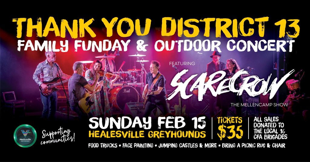 Grab a chair, pack a picnic rug, and head to Healesville Greyhounds this Sunday, February 15th, for a fantastic afternoon supporting Healesville’s incredible local Country Fire Authority Brigades – ‘District 13’.
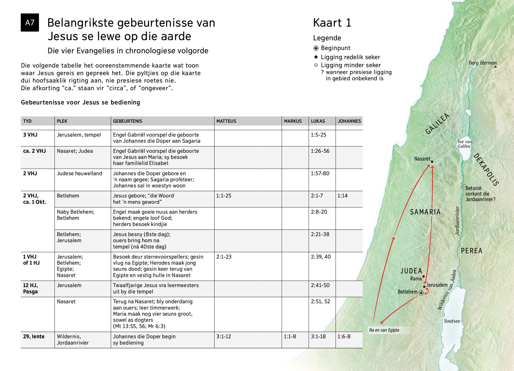 waar Jesus gereis en gepreek het. Die pyltjies op die kaarte dui hoofsaaklik rigting aan, nie presiese roetes nie. Die afkorting “ca.” staan vir “circa”, of “ongeveer”.
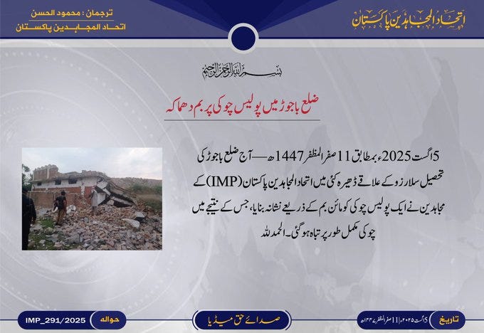 Ittehad-ul-Mujahideen Pakistan (IMP), a Pakistani jihadist organisation comprising the Hafiz Gul Bahadur Group (HBG), Lashkar-e-Islam, and Harkat Inqilab-e-Islami Pakistan (HIIP), published an infographic summarising its military operations for July 2025.
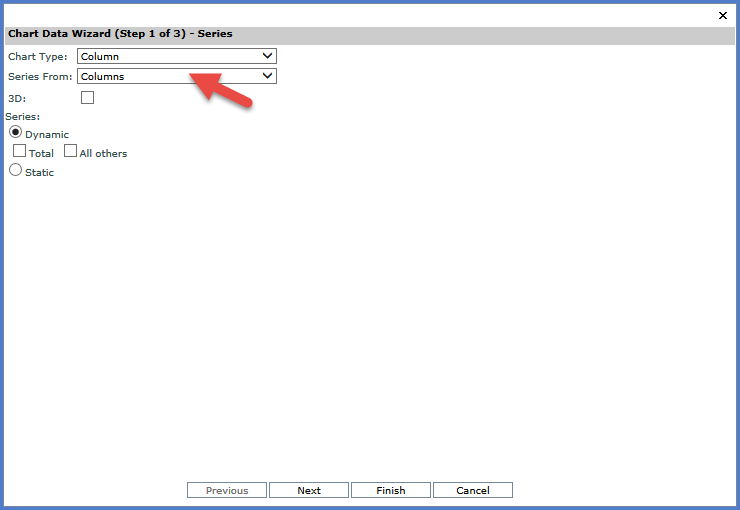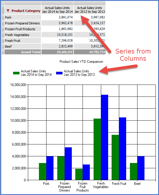 Series are a group of related items (data points) that are included in a chart. Series can be created from either the rows or columns of the grid. In this chart, the Series, Actual Sales Units 2014 and Actual Sales Units 2013 are from the columns of the grid. The data points, Fresh Vegetables, Pork, Beef, Fresh Fruit, Frozen Fruit Products, and Frozen Prepared Dinners are from the rows of the grid.
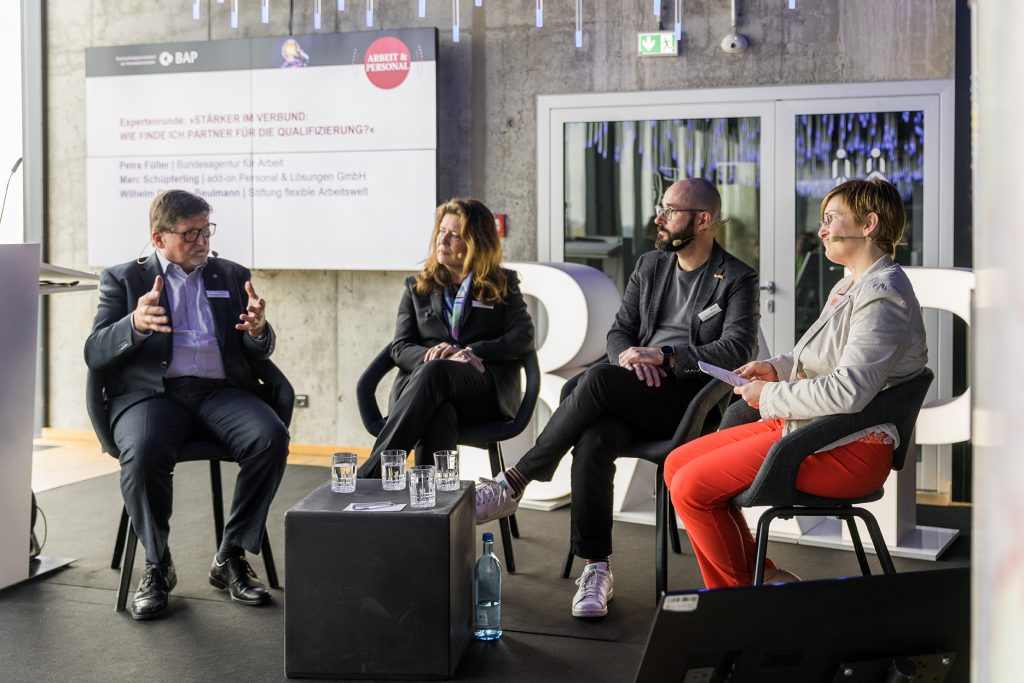 In der anschließenden Talkrunde mit Marc Schüpferling, Petra Füller und Wilhelm Oberste-Beulmann wurde das Thema der Personalentwicklung durch Weiterbildung und Qualifizierung unter der Moderation von Ines Dauth diskutiert. Dazu stellte Marc Schüpferling, Leiter Unternehmensentwicklung und Mitglied der Geschäftsführung bei add-on Personal & Lösungen, zunächst den „Qualifizierungsverbund Nürnberg“ vor, der 2022 in Zusammenarbeit der Agentur für Arbeit Nürnberg, add-on Personal & Lösungen sowie der Stiftung flexible Arbeitswelt gegründet wurde. Dieser liefert ein positives Beispiel dafür, wie Qualifizierung und Weiterbildung durch die Kooperation von Personaldienstleistenden, Bildungsträgern und unterstützenden Institutionen effektiv gelingen können. Petra Füller, Leiterin der Koordinierenden Stelle Zeitarbeit bei der Bundesagentur für Arbeit (BA), erläuterte dazu die koordinierende Funktion der und Möglichkeiten der Förderungen durch die BA. Vorstandsvorsitzender der Stiftung flexible Arbeitswelt, Wilhelm Oberste-Beulmann, zeigte zudem die wichtige Funktion der Stiftung als Unterstützerin dieses Verbunds auf: nicht nur finanziell, sondern insbesondere auch als ideelle Mittlerin, um weitere Kontakte zu knüpfen und Kooperationspartnerinnen und -partner wie IHKs und lokale Handwerkskammern zu gewinnen. Deutlich wurde, dass die Teilnehmenden der Talkrunde Qualifizierung als bedeutenden Faktor der Personalentwicklung verstehen, da sie verdeckte Potenziale der Beschäftigten offenbaren und die gezielte Weiterentwicklung zu Fachkräften ermöglichen könne.
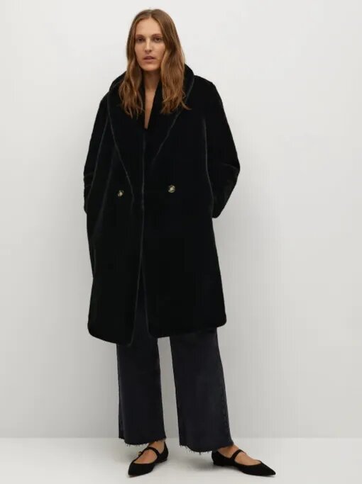 Якщо ви віддаєте перевагу мінімалізму і простому крою, зверніть увагу на це чорне хутряне пальто з англійським коміром. Такий нейтральний верхній одяг гармонійно поєднується і зі спортивними комплектами, і зі строгими костюмами, і з вишуканими сукнями і жіночними спідницями. Його легко можна обіграти за допомогою аксесуарів. До пальто відмінно підійдуть, наприклад, шкіряна панама, довгий шарф з бахромою, картуз, капелюх, шапка-балаклава.
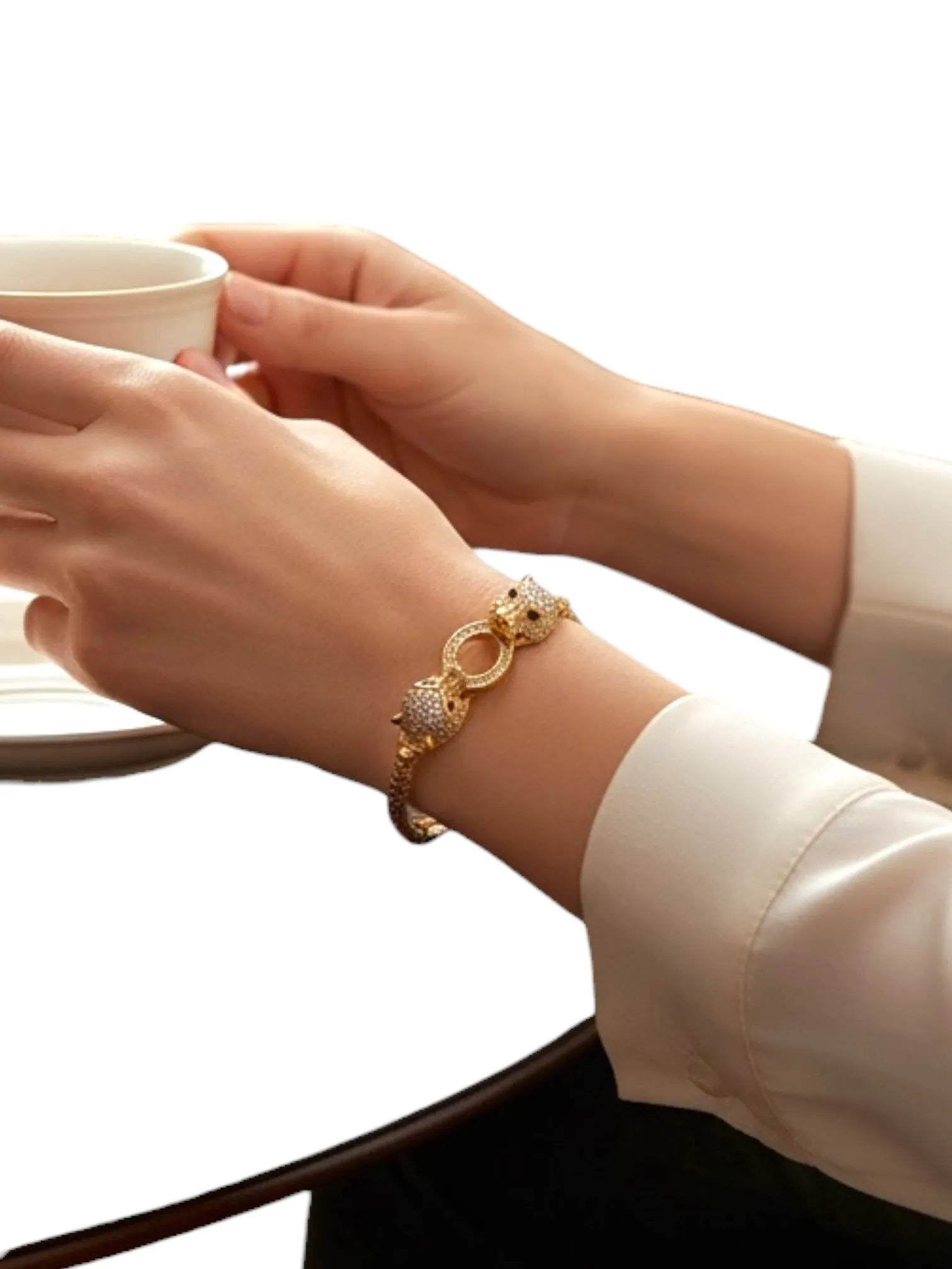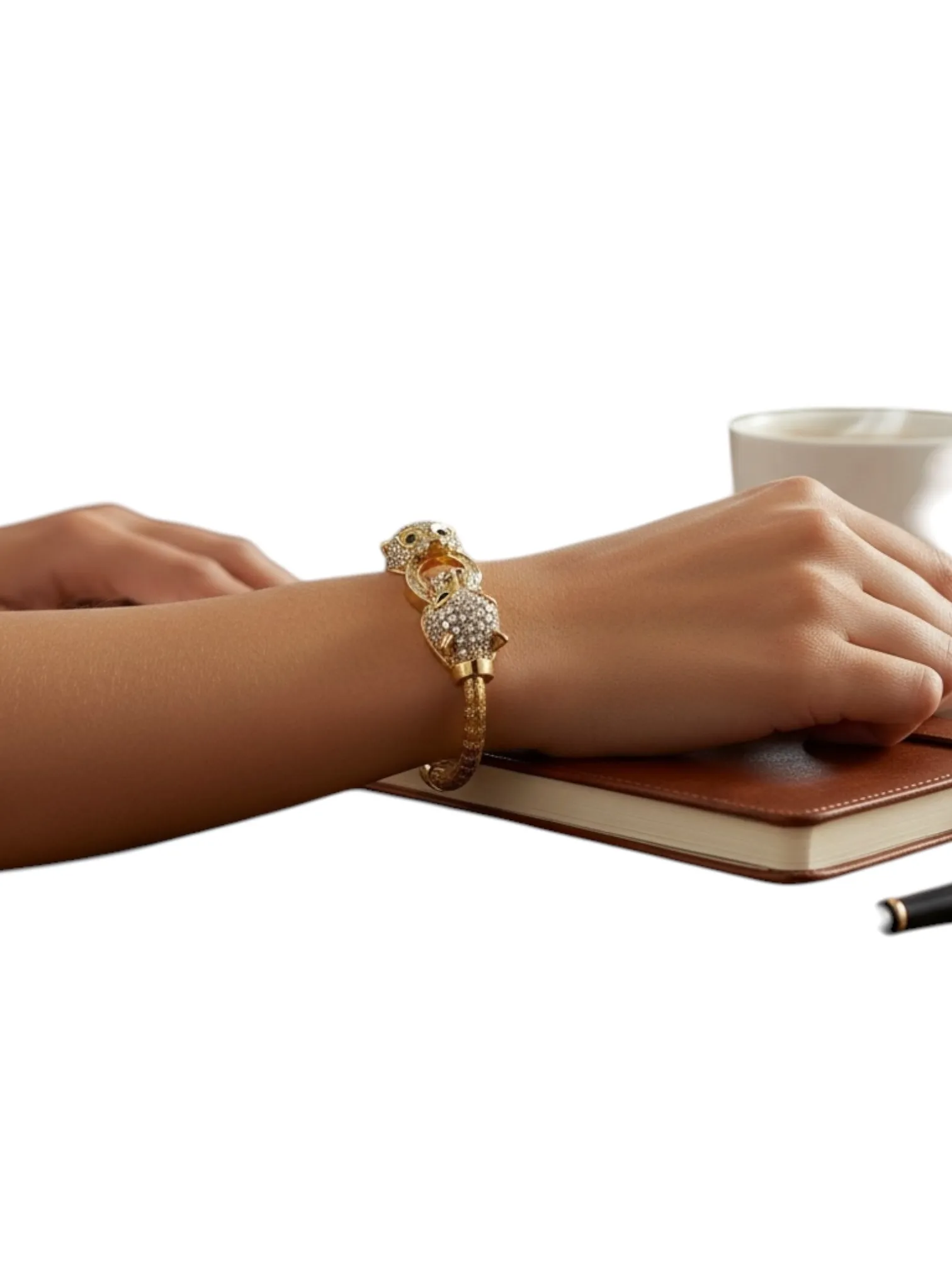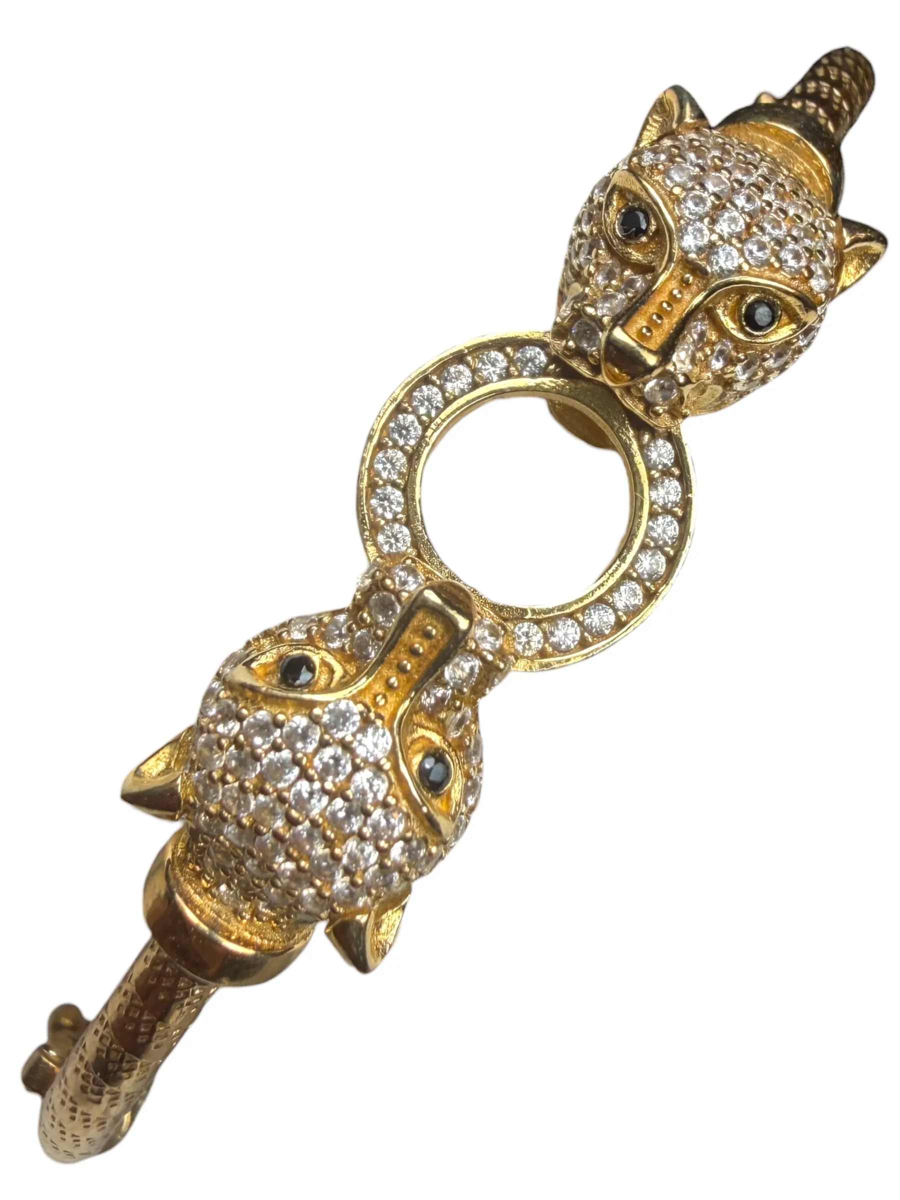 Su diseño de doble cabeza de pantera simboliza fuerza, protección y control, convirtiéndola en una joya con carácter y significado. Cada detalle ha sido cuidadosamente trabajado para lograr un acabado sofisticado que resalta la esencia del lujo moderno.

· · · · ·

> [ACTION ITEM] Return every entry word for word, minus the pictures.

> [EXERCISE RESPONSE]
 Grab a chair, pack a picnic rug, and head to Healesville Greyhounds this Sunday, February 15th, for a fantastic afternoon supporting Healesville’s incredible local Country Fire Authority Brigades – ‘District 13’.
 waar Jesus gereis en gepreek het. Die pyltjies op die kaarte dui hoofsaaklik rigting aan, nie presiese roetes nie. Die afkorting “ca.” staan vir “circa”, of “ongeveer”.
 Ittehad-ul-Mujahideen Pakistan (IMP), a Pakistani jihadist organisation comprising the Hafiz Gul Bahadur Group (HBG), Lashkar-e-Islam, and Harkat Inqilab-e-Islami Pakistan (HIIP), published an infographic summarising its military operations for July 2025.
 Series are a group of related items (data points) that are included in a chart. Series can be created from either the rows or columns of the grid. In this chart, the Series, Actual Sales Units 2014 and Actual Sales Units 2013 are from the columns of the grid. The data points, Fresh Vegetables, Pork, Beef, Fresh Fruit, Frozen Fruit Products, and Frozen Prepared Dinners are from the rows of the grid.
 In der anschließenden Talkrunde mit Marc Schüpferling, Petra Füller und Wilhelm Oberste-Beulmann wurde das Thema der Personalentwicklung durch Weiterbildung und Qualifizierung unter der Moderation von Ines Dauth diskutiert. Dazu stellte Marc Schüpferling, Leiter Unternehmensentwicklung und Mitglied der Geschäftsführung bei add-on Personal & Lösungen, zunächst den „Qualifizierungsverbund Nürnberg“ vor, der 2022 in Zusammenarbeit der Agentur für Arbeit Nürnberg, add-on Personal & Lösungen sowie der Stiftung flexible Arbeitswelt gegründet wurde. Dieser liefert ein positives Beispiel dafür, wie Qualifizierung und Weiterbildung durch die Kooperation von Personaldienstleistenden, Bildungsträgern und unterstützenden Institutionen effektiv gelingen können. Petra Füller, Leiterin der Koordinierenden Stelle Zeitarbeit bei der Bundesagentur für Arbeit (BA), erläuterte dazu die koordinierende Funktion der und Möglichkeiten der Förderungen durch die BA. Vorstandsvorsitzender der Stiftung flexible Arbeitswelt, Wilhelm Oberste-Beulmann, zeigte zudem die wichtige Funktion der Stiftung als Unterstützerin dieses Verbunds auf: nicht nur finanziell, sondern insbesondere auch als ideelle Mittlerin, um weitere Kontakte zu knüpfen und Kooperationspartnerinnen und -partner wie IHKs und lokale Handwerkskammern zu gewinnen. Deutlich wurde, dass die Teilnehmenden der Talkrunde Qualifizierung als bedeutenden Faktor der Personalentwicklung verstehen, da sie verdeckte Potenziale der Beschäftigten offenbaren und die gezielte Weiterentwicklung zu Fachkräften ermöglichen könne.
 Якщо ви віддаєте перевагу мінімалізму і простому крою, зверніть увагу на це чорне хутряне пальто з англійським коміром. Такий нейтральний верхній одяг гармонійно поєднується і зі спортивними комплектами, і зі строгими костюмами, і з вишуканими сукнями і жіночними спідницями. Його легко можна обіграти за допомогою аксесуарів. До пальто відмінно підійдуть, наприклад, шкіряна панама, довгий шарф з бахромою, картуз, капелюх, шапка-балаклава.
 Su diseño de doble cabeza de pantera simboliza fuerza, protección y control, convirtiéndola en una joya con carácter y significado. Cada detalle ha sido cuidadosamente trabajado para lograr un acabado sofisticado que resalta la esencia del lujo moderno.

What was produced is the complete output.